(Collection entries)
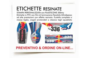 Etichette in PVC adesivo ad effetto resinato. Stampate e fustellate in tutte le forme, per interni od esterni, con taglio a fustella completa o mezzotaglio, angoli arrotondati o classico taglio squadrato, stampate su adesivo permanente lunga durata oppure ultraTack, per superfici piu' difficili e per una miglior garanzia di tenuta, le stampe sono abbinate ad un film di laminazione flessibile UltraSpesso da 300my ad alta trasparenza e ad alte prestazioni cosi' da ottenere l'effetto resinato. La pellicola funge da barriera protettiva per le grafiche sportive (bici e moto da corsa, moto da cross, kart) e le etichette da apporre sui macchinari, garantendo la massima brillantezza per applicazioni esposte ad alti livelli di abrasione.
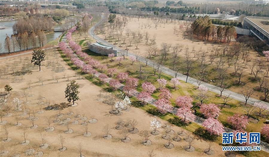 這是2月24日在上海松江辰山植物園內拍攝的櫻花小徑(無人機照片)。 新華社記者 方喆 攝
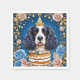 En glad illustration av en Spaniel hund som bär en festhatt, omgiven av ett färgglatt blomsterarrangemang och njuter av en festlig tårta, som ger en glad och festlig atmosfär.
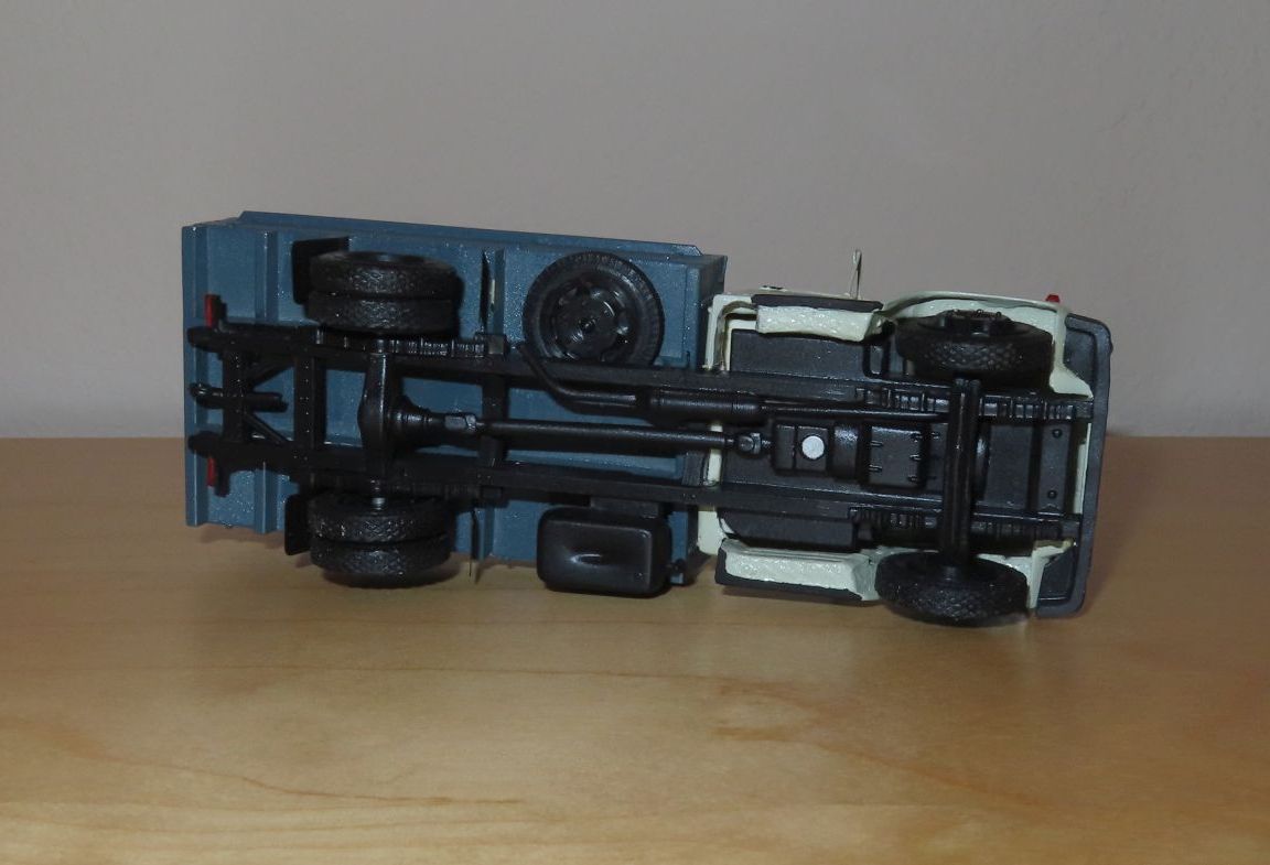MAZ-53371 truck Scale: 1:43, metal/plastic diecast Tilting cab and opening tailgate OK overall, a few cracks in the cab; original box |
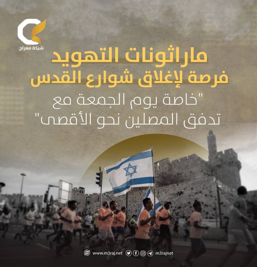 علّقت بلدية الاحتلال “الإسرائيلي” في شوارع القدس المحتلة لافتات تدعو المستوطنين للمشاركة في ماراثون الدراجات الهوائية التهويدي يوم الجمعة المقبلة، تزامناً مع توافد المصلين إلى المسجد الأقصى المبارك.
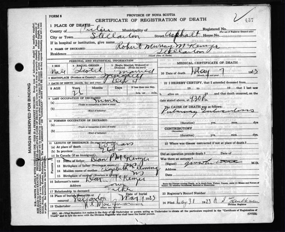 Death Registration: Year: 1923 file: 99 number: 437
---
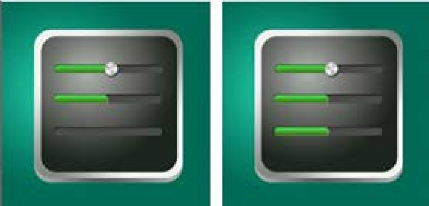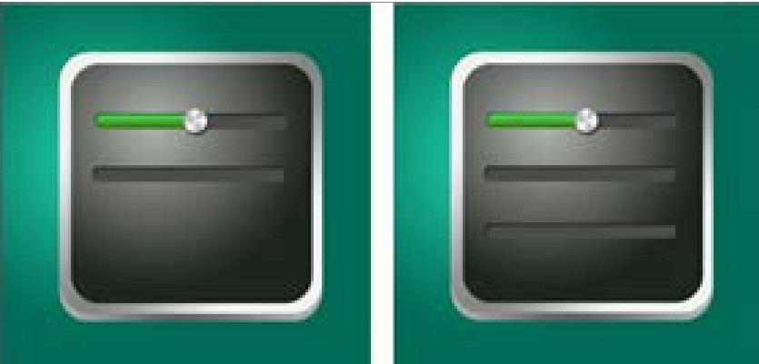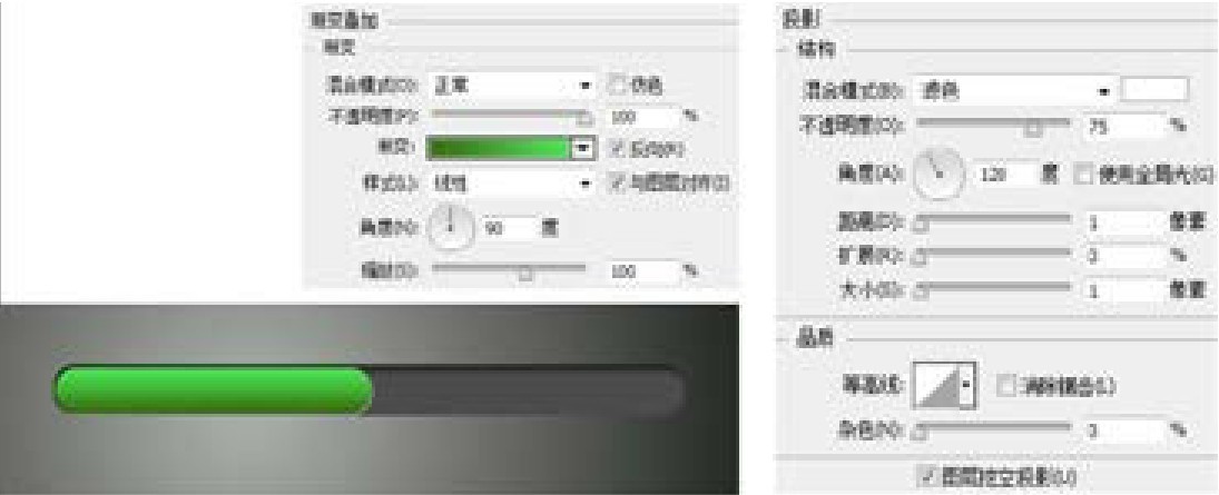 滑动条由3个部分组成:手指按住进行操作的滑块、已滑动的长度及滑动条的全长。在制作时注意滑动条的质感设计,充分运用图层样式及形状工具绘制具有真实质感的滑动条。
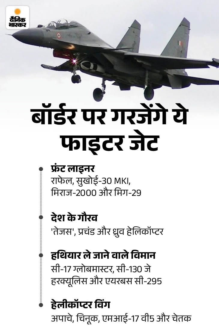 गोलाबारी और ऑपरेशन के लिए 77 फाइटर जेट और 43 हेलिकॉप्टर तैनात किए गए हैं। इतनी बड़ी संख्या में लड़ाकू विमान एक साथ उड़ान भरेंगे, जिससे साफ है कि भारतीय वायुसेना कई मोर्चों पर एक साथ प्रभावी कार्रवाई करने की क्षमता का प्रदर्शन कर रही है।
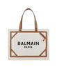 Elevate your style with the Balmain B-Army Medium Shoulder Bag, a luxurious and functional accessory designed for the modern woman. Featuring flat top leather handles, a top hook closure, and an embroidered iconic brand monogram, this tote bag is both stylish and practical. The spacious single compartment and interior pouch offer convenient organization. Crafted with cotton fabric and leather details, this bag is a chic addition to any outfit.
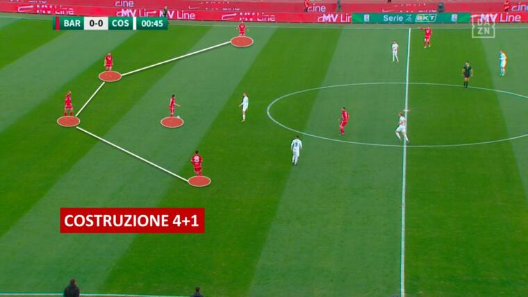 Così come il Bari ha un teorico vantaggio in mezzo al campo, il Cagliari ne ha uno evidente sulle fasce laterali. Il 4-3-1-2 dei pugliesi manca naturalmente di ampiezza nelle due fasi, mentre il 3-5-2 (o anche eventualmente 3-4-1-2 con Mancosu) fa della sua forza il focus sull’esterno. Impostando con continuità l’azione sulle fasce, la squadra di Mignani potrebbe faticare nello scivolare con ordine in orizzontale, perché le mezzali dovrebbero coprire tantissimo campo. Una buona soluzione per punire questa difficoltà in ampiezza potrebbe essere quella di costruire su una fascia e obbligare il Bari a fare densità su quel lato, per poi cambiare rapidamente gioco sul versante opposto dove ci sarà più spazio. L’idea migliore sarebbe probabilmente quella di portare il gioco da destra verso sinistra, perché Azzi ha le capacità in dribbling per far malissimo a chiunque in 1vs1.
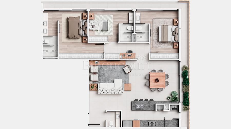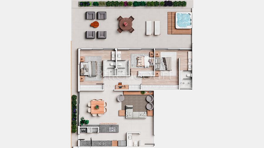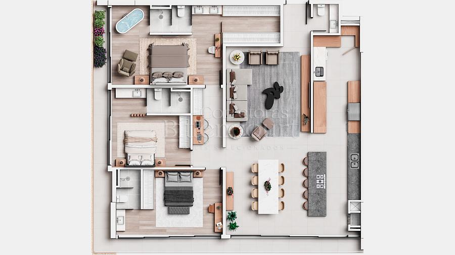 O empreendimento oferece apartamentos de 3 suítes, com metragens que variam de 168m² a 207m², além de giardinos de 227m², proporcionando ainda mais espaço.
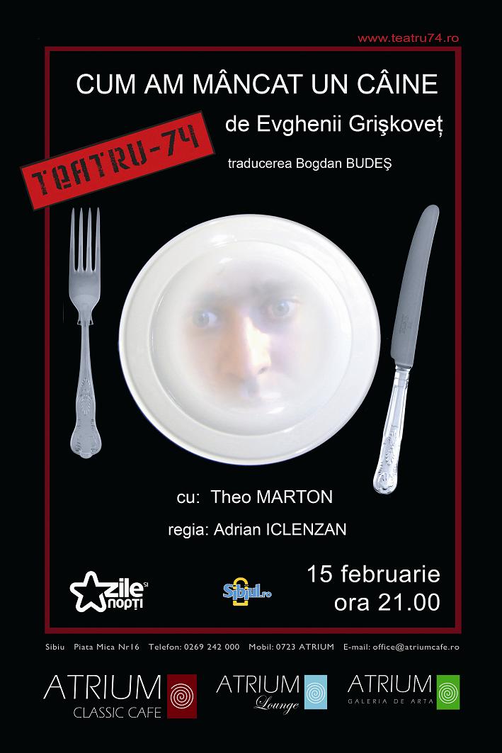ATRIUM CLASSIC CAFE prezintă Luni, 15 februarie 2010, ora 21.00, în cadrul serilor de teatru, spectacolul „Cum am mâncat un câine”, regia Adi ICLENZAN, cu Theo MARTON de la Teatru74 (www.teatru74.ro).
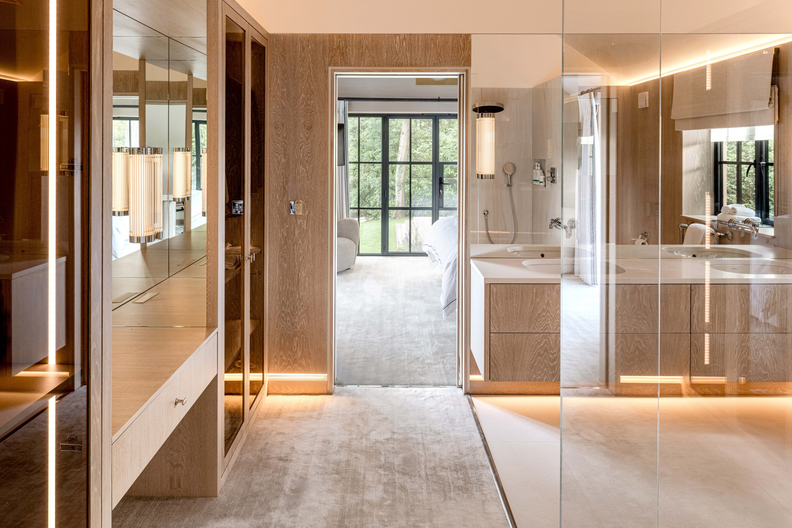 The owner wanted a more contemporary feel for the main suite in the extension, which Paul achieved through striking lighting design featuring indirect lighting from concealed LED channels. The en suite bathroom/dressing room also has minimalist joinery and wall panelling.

## REQUIREMENT
Take the entries above and copy exactly the lines starting at the one with "गोलाबारी और ऑपरेशन" and ending at the one with "ATRIUM CLASSIC CAFE"; nothing outside that span, and no pictures.

## ANSWER FOR THE TASK
 गोलाबारी और ऑपरेशन के लिए 77 फाइटर जेट और 43 हेलिकॉप्टर तैनात किए गए हैं। इतनी बड़ी संख्या में लड़ाकू विमान एक साथ उड़ान भरेंगे, जिससे साफ है कि भारतीय वायुसेना कई मोर्चों पर एक साथ प्रभावी कार्रवाई करने की क्षमता का प्रदर्शन कर रही है।
 Elevate your style with the Balmain B-Army Medium Shoulder Bag, a luxurious and functional accessory designed for the modern woman. Featuring flat top leather handles, a top hook closure, and an embroidered iconic brand monogram, this tote bag is both stylish and practical. The spacious single compartment and interior pouch offer convenient organization. Crafted with cotton fabric and leather details, this bag is a chic addition to any outfit.
 Così come il Bari ha un teorico vantaggio in mezzo al campo, il Cagliari ne ha uno evidente sulle fasce laterali. Il 4-3-1-2 dei pugliesi manca naturalmente di ampiezza nelle due fasi, mentre il 3-5-2 (o anche eventualmente 3-4-1-2 con Mancosu) fa della sua forza il focus sull’esterno. Impostando con continuità l’azione sulle fasce, la squadra di Mignani potrebbe faticare nello scivolare con ordine in orizzontale, perché le mezzali dovrebbero coprire tantissimo campo. Una buona soluzione per punire questa difficoltà in ampiezza potrebbe essere quella di costruire su una fascia e obbligare il Bari a fare densità su quel lato, per poi cambiare rapidamente gioco sul versante opposto dove ci sarà più spazio. L’idea migliore sarebbe probabilmente quella di portare il gioco da destra verso sinistra, perché Azzi ha le capacità in dribbling per far malissimo a chiunque in 1vs1.
 O empreendimento oferece apartamentos de 3 suítes, com metragens que variam de 168m² a 207m², além de giardinos de 227m², proporcionando ainda mais espaço.
ATRIUM CLASSIC CAFE prezintă Luni, 15 februarie 2010, ora 21.00, în cadrul serilor de teatru, spectacolul „Cum am mâncat un câine”, regia Adi ICLENZAN, cu Theo MARTON de la Teatru74 (www.teatru74.ro).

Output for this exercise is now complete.